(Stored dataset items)
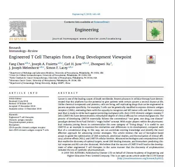 北京大學(xué)免疫系客座教授、貝賽爾特首席科學(xué)家許中偉教授與其原領(lǐng)導(dǎo)賓夕法尼亞大學(xué)Carl June教授及其課題組聯(lián)合撰寫(xiě)的綜述文章“Engineered T Cell Therapies from a Drug Development Viewpoint”,于2019年2月在中國(guó)工程院主編的“Engineering”英文版(Volume 5,lssue1,February 2019,Pages 140-149)發(fā)表。該論文主要以CD19-CAR-T細(xì)胞藥物為例,從藥物開(kāi)發(fā)角度看基因工程T細(xì)胞的設(shè)計(jì)和應(yīng)用評(píng)定。
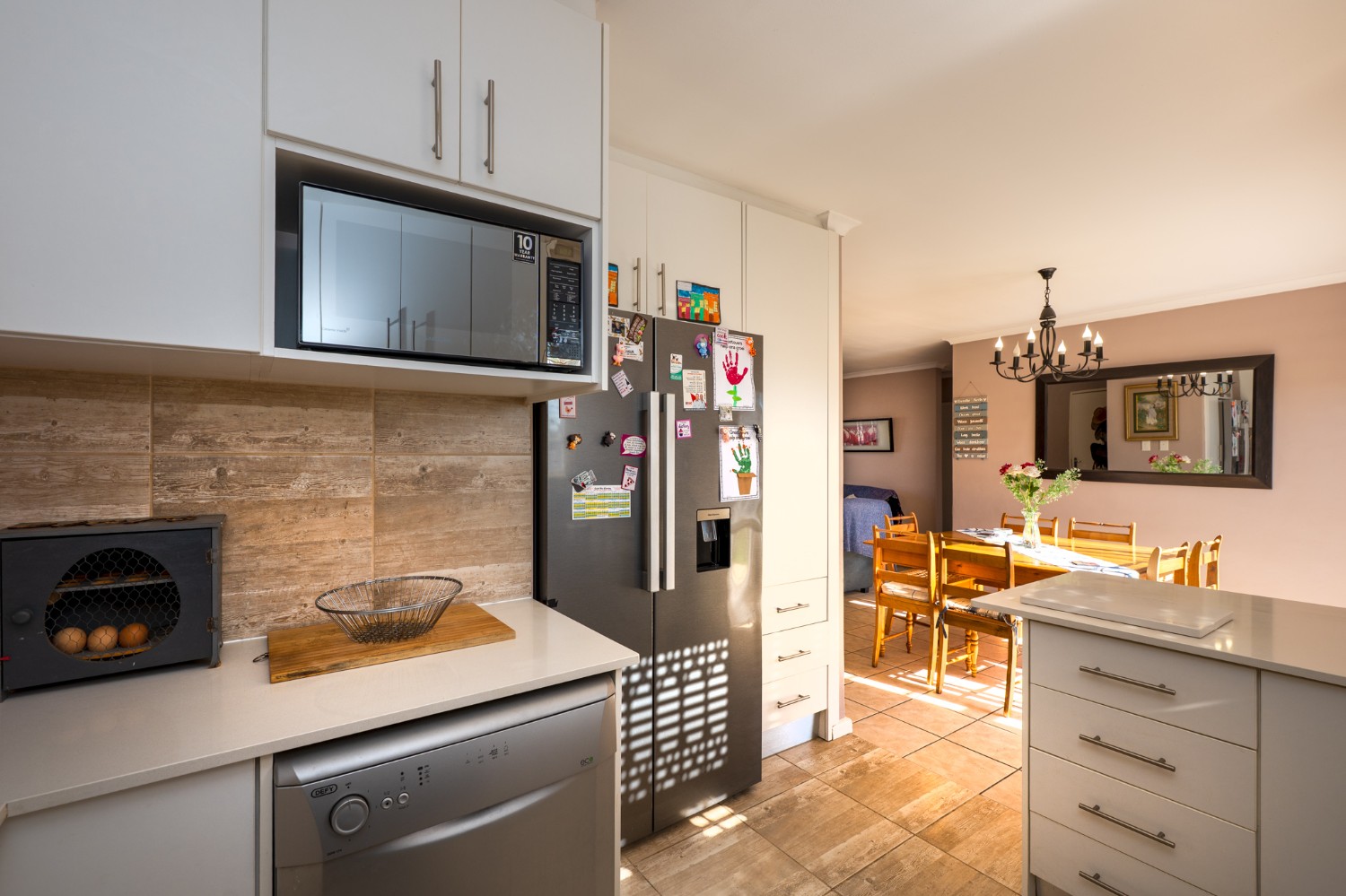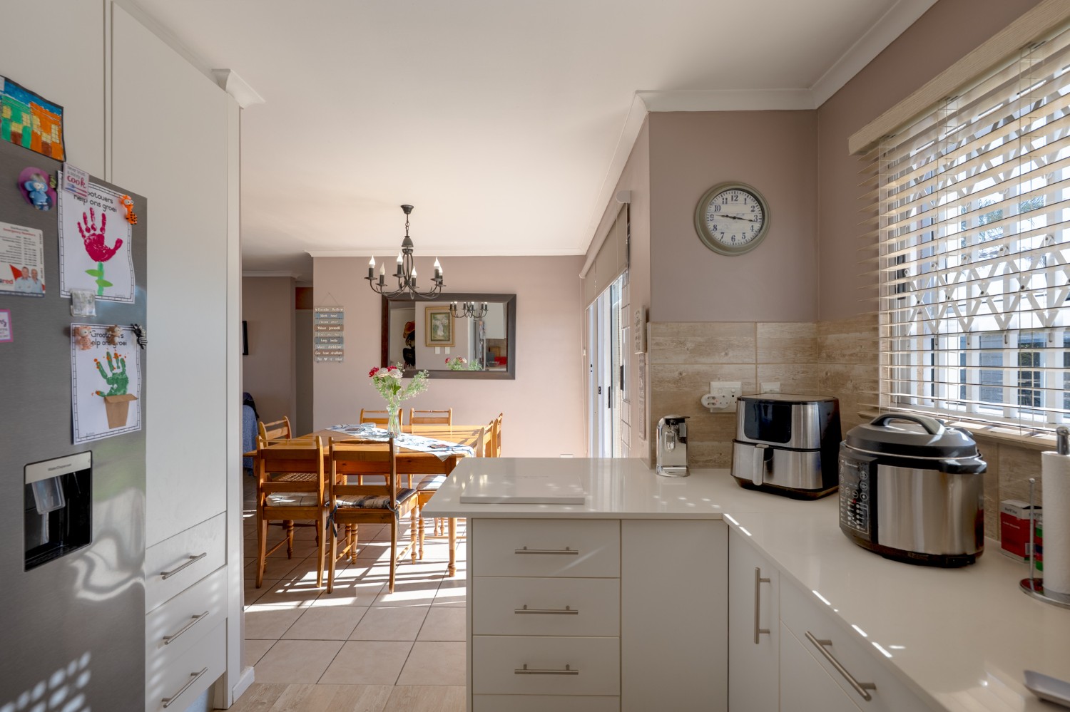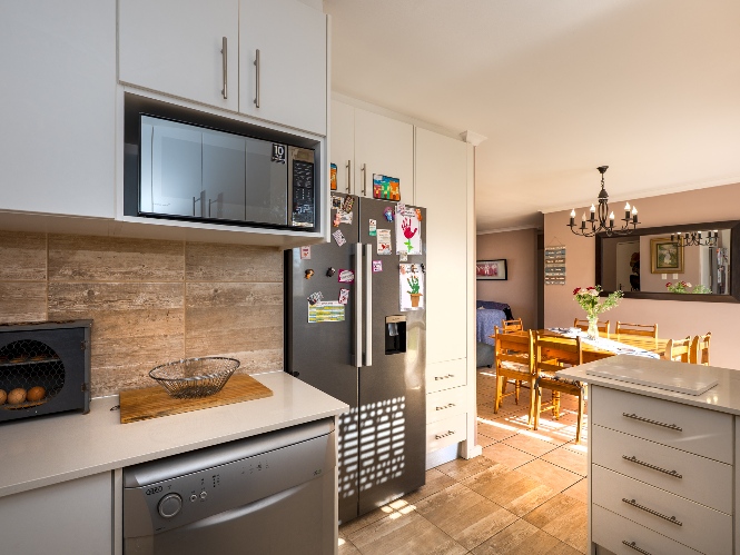 Step inside and be welcomed by a spacious open-plan lounge and dining room, beautifully finished with tiled flooring. The lounge is fitted with an air-conditioning unit, ensuring year-round comfort. The dining room features a sliding door that opens to the backyard, perfect for entertaining and relaxed family living. The modern kitchen is both stylish and functional, boasting light wood cupboards, quartz countertops, an under-counter oven with a gas stovetop, one plumbing point, and ample space for a double-door fridge.
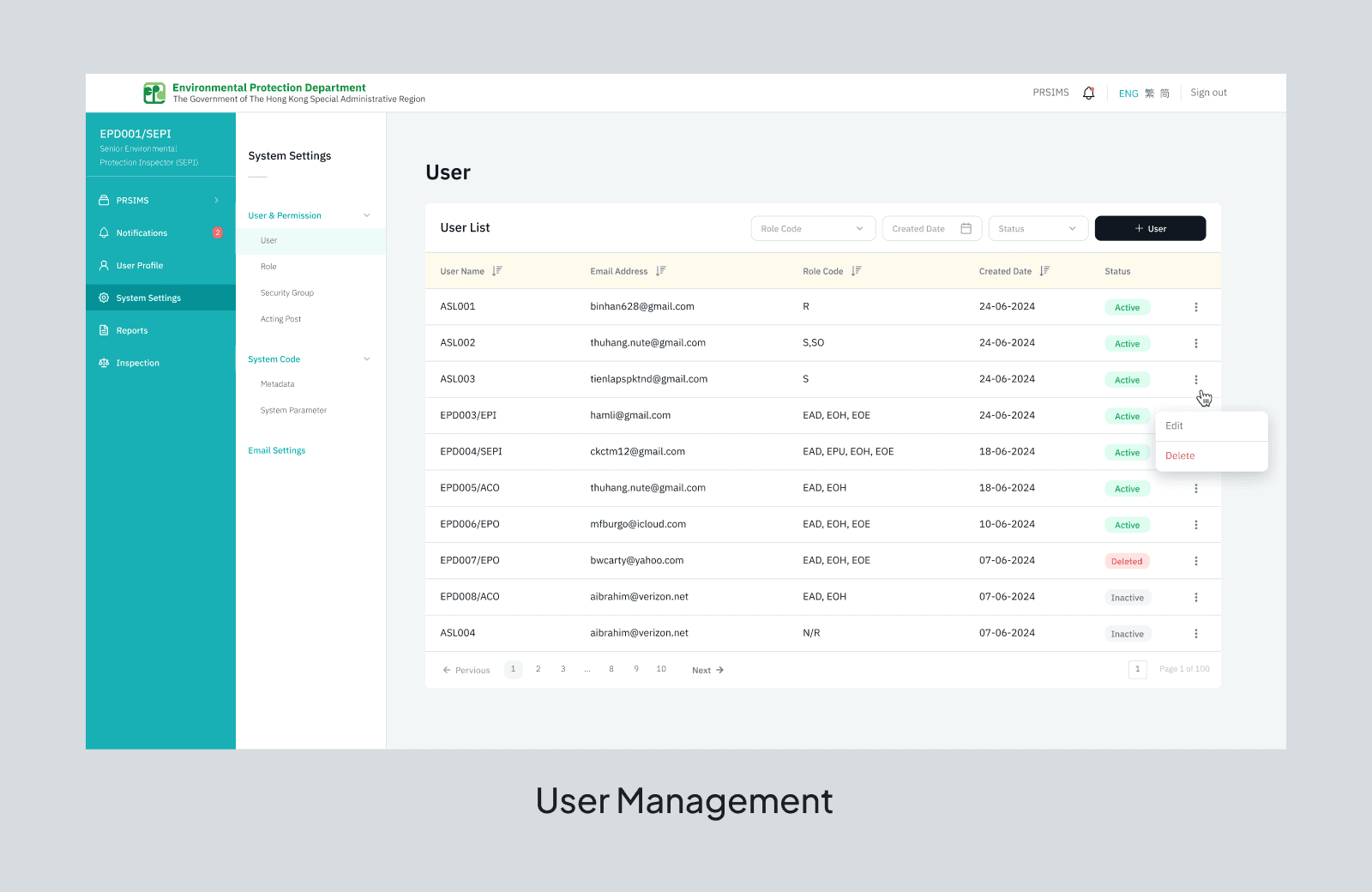 System settings include User and Permission Management, as well as System Code and Email Settings. After analyzing the structure of user permissions and system codes, my goal was to provide an intuitive, easy-to-use interface for organizational admins. The User Management interface offers detailed control over user roles and permissions, ensuring clear and efficient management.
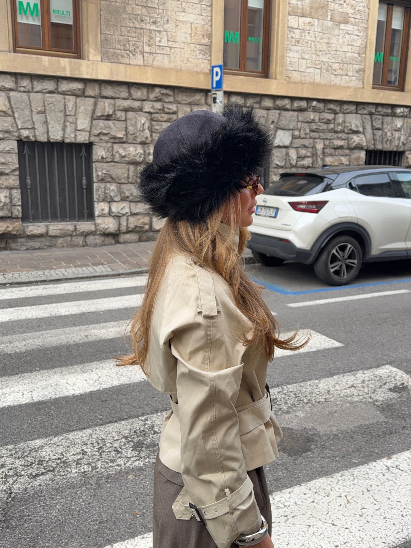 Aria shearling hat is a stylish and distinctive accessory that combines a raw look with soft comfort. The soft shearling edge frames the face and gives the hat an exclusive and eye-catching look, while the smooth surface creates a beautiful contrast in the material.
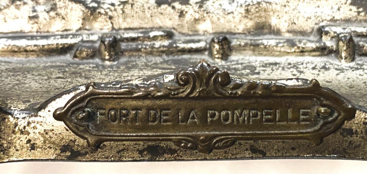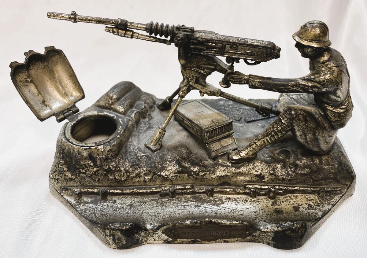Spelter construction. Handle to MG is missing.6.5 Inches long. Sandbags open and close for placing ink pot. Inscribed Fort De La Pompelle to front.

Exercise aim
Please transcribe exactly the line containing "Aria shearling hat" and every later line through the end of the records above, omitting pictures.

Task result
 Aria shearling hat is a stylish and distinctive accessory that combines a raw look with soft comfort. The soft shearling edge frames the face and gives the hat an exclusive and eye-catching look, while the smooth surface creates a beautiful contrast in the material.
Spelter construction. Handle to MG is missing.6.5 Inches long. Sandbags open and close for placing ink pot. Inscribed Fort De La Pompelle to front.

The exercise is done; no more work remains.